CEO of the Pennsylvania Turnpike Commission
- In office February 4, 2003 – March 15, 2011
- Preceded by: John T. Durbin
- Succeeded by: Roger Nutt

Personal details
- Born: April 1, 1948 (age 78) Northside, Pittsburgh
- Party: Democratic Party
- Education: Youngstown State University

= Joseph G. Brimmeier =

American politician

Joseph G. Brimmeier is the former chief executive officer of the Pennsylvania Turnpike Commission.

Brimmeier attended Pittsburgh's North Catholic High School. He also earned a degree in health and physical education and a master's degree in counseling-administration of higher education at Youngstown State University.

He worked for various departments of the Allegheny County, Pennsylvania government, including the Allegheny County Industrial Development Authority, Community College of Allegheny County, Allegheny County Parks Department, Allegheny County Department of Development, for 20 years.

In 1991 he had a "falling out" with former County Commissioner Tom Foerster after Brimmeier ran unsuccessfully for county prothonotary against Foerster's wishes.

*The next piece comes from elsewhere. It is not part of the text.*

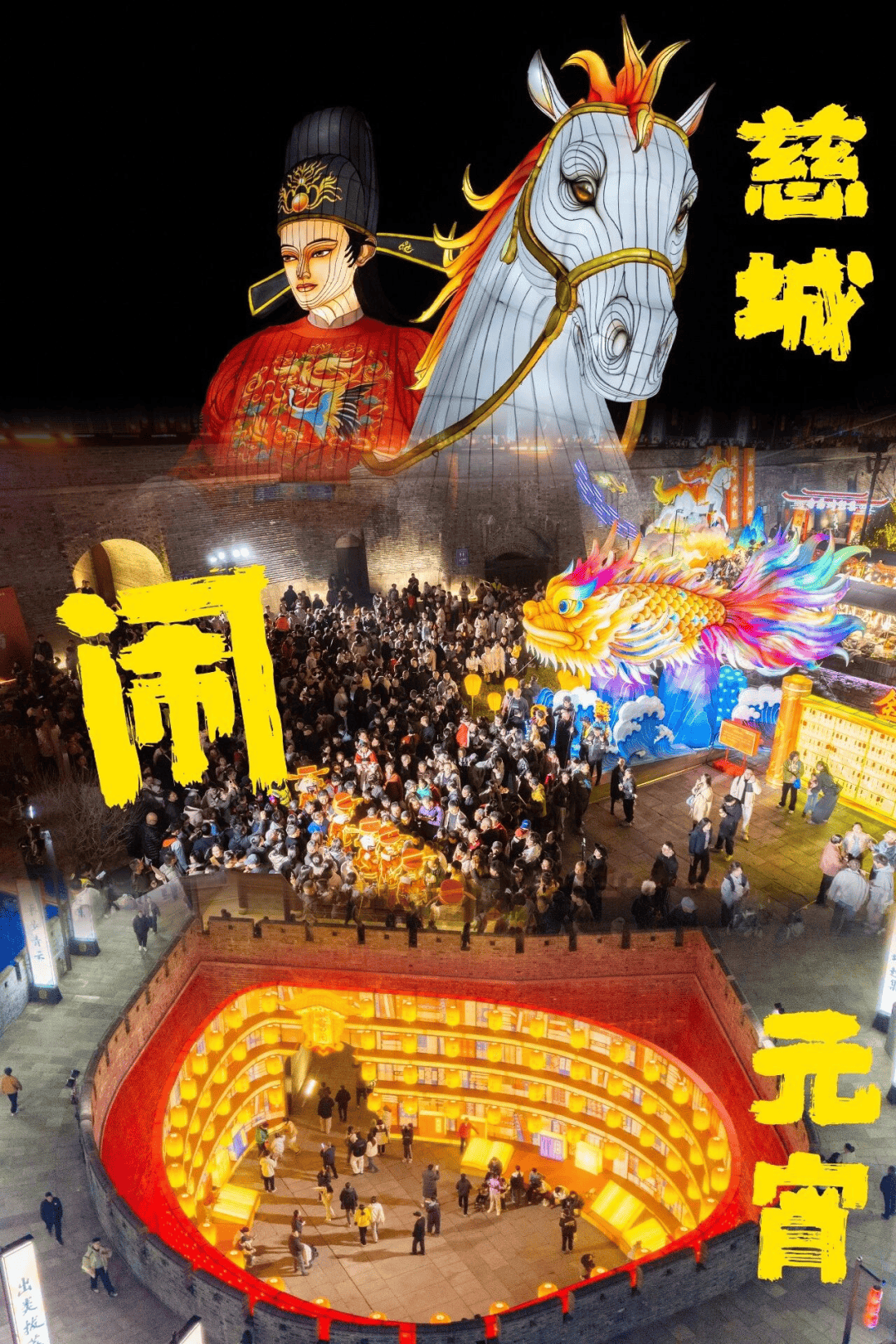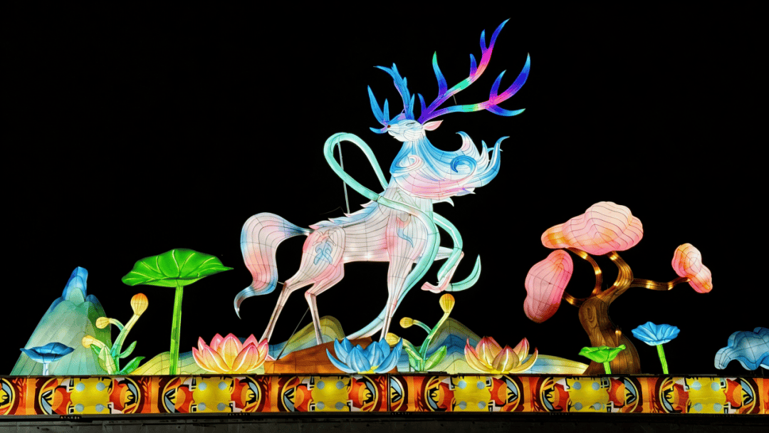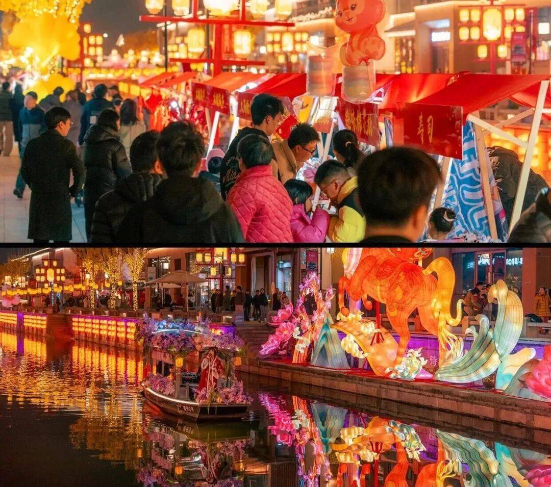 迎恩门水街,千余盏各式花灯沿水而挂,灯影倒映在碧波之上,随流水轻轻摇曳,形成“灯在水中游,人在灯中游”的绝美画卷。元宵节期间有上元音乐会、猜灯谜等精彩表演轮番上演。

Brimmeier then served as Chief of Staff for former Congressman Ron Klink for 8 years and ran Klink's unsuccessful race against Senator Rick Santorum in 2000.

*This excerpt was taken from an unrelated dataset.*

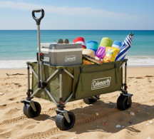 • Carrinho de praia dobrável Coleman com cooler e utensílios na areia junto ao mar

Brimmeier, who was a campaign confidant for Pennsylvania Governor Ed Rendell's successful 2002 race for governor, was appointed CEO of the Turnpike Commission on February 4, 2003. In 2010, Politics Magazine named him one of the most influential Democrats in Pennsylvania.

==Corruption Conviction==

On November 20, 2014, Brimmeier pleaded guilty to felony conflict of interest charges.